La vida matrimonial no fue color de rosa. Obama se volvió legislador de Illinois, y pasaba cuatro días a la semana en Springfield, la sede del Gobierno. Michelle quería la casa perfecta y la vida profesional perfecta. Perdió un embarazo. Le costó concebir y debió hacer fertilización in vitro. Cuando por fin fueron padres, primero de Malia y luego de Sasha, ella obtuvo un empleo de responsabilidades crecientes en el Hospital Universitario de Chicago y se ocupaba de las niñas y la casa, mientras su marido estaba cada vez más absorto en la política.

Llegó la crisis y la terapia de pareja. Ambos se reencontraron y decidieron hacer ajustes a una relación que no querían ver fracasar. Pero, por lo que cuenta Michelle, no parece que Barack hiciera muchos cambios. Ella sí: se levantaba antes de las cinco parar ir al gimnasio mientras su madre le cuidaba a las niñas. Y estableció un rígido horario de cena y hora de irse a dormir. Ya nadie esperaría a Barack para cenar. “No quería que las niñas creyeran nunca que la vida comenzaba cuando aparecía el hombre de la casa. Ya no esperábamos a papá. Le correspondía a él alcanzarnos a nosotras”. Michelle no quería que su marido fuera presidente. Pero al final debió ceder. “Dije que sí, aunque al mismo tiempo albergaba un pensamiento doloroso que no estaba preparada para compartir (…) estaba convencida de que no lograría llegar hasta el final. (...) Al fin y al cabo, Barack era un hombre negro en Estados Unidos. En el fondo, yo no creía que pudiera ganar”. Sin embargo, fue una carta de éxito en la campaña electoral y se convirtió en una primera dama comprometida con mejorar la alimentación infantil sana, la salud y el ejercicio, mejorar las vidas de las familias de veteranos de guerra y las oportunidades educativas para las niñas.
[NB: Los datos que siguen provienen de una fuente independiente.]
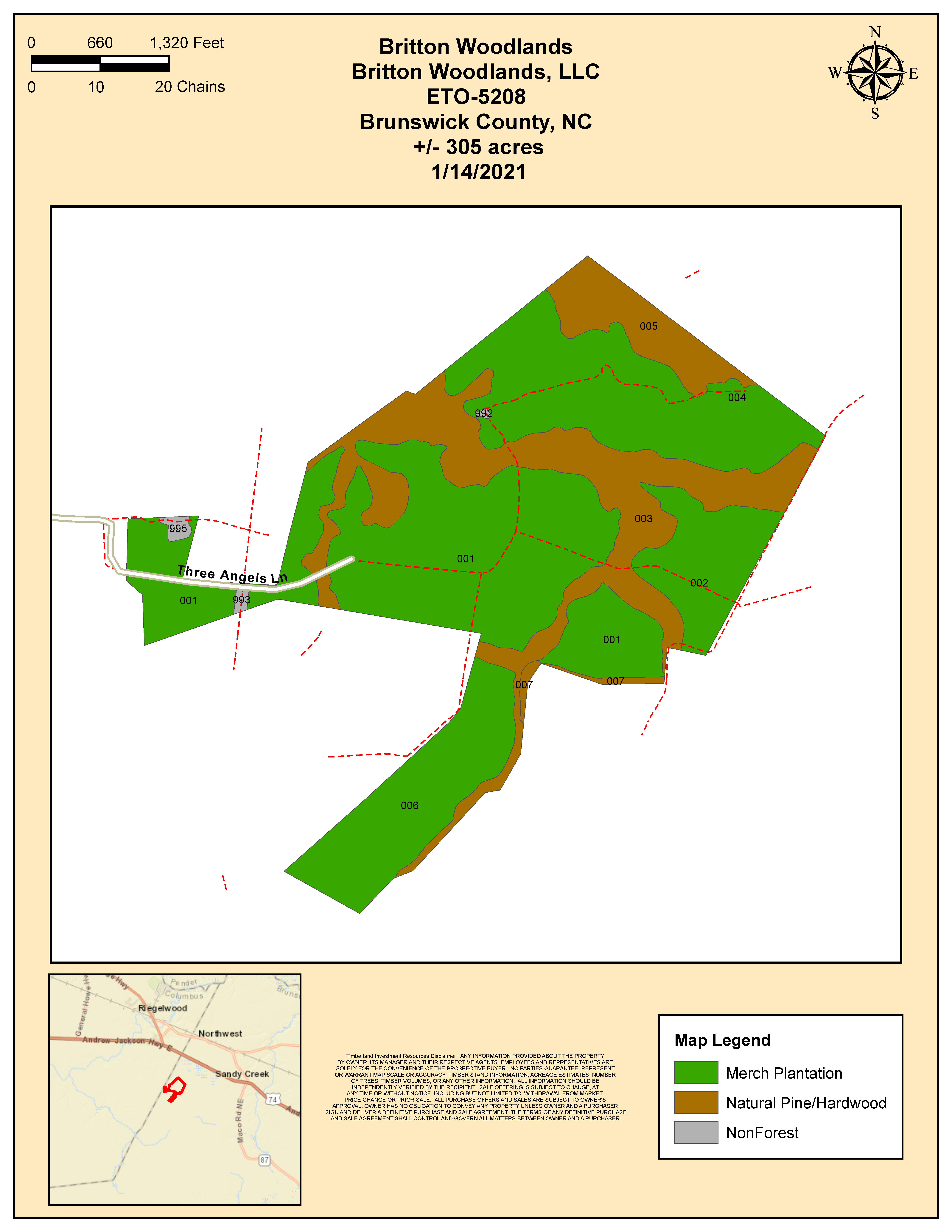 This property, accessed from Up the Branch Rd in Delco, NC, consists of 305 acres. It is located just south of Hwy 74 and is only 15 miles from downtown Wilmington. This tract is very diverse and offers pine plantations, hardwoods, and also has Big Branch Creek running through it. There are large landowners on all sides of this property which allows a secluded feel when you are out there. This property is loaded with wild game and offers endless possibilities on what you can do with it. The breakdown of the acreage is below.

Los años en la Casa Blanca son la parte más conocida de su historia, y aquí el relato se vuelve más políticamente correcto. Obama dejó un país ordenado en la economía y cumplió algunas promesas, como una reforma sanitaria que incluyó a decenas de millones de personas que no podían costearse la salud. Pero no pudo superar las divisiones profundas de la sociedad estadounidense y su presidencia dio paso a la de Donald Trump, sobre el cual Michelle se expresa en duros términos. Ella no intenta explicar las razones. Está simplemente perpleja. “Siempre me preguntaré qué llevó a tantas personas, en especial mujeres, a rechazar a una candidata de una cualificación excepcional (Hillary Clinton) y en vez de ello escoger a un misógino como presidente”. Sin embargo, se esfuerza por terminar con un mensaje de optimismo, invitando a sus lectores a abrirse a los demás. Ella lo puso en práctica cuando entendió que, para superar la campaña de odio en su contra, era mejor hablar con la gente en grupos pequeños, entre bastidores y casi en privado. “He aprendido que es más difícil odiar en distancias cortas”.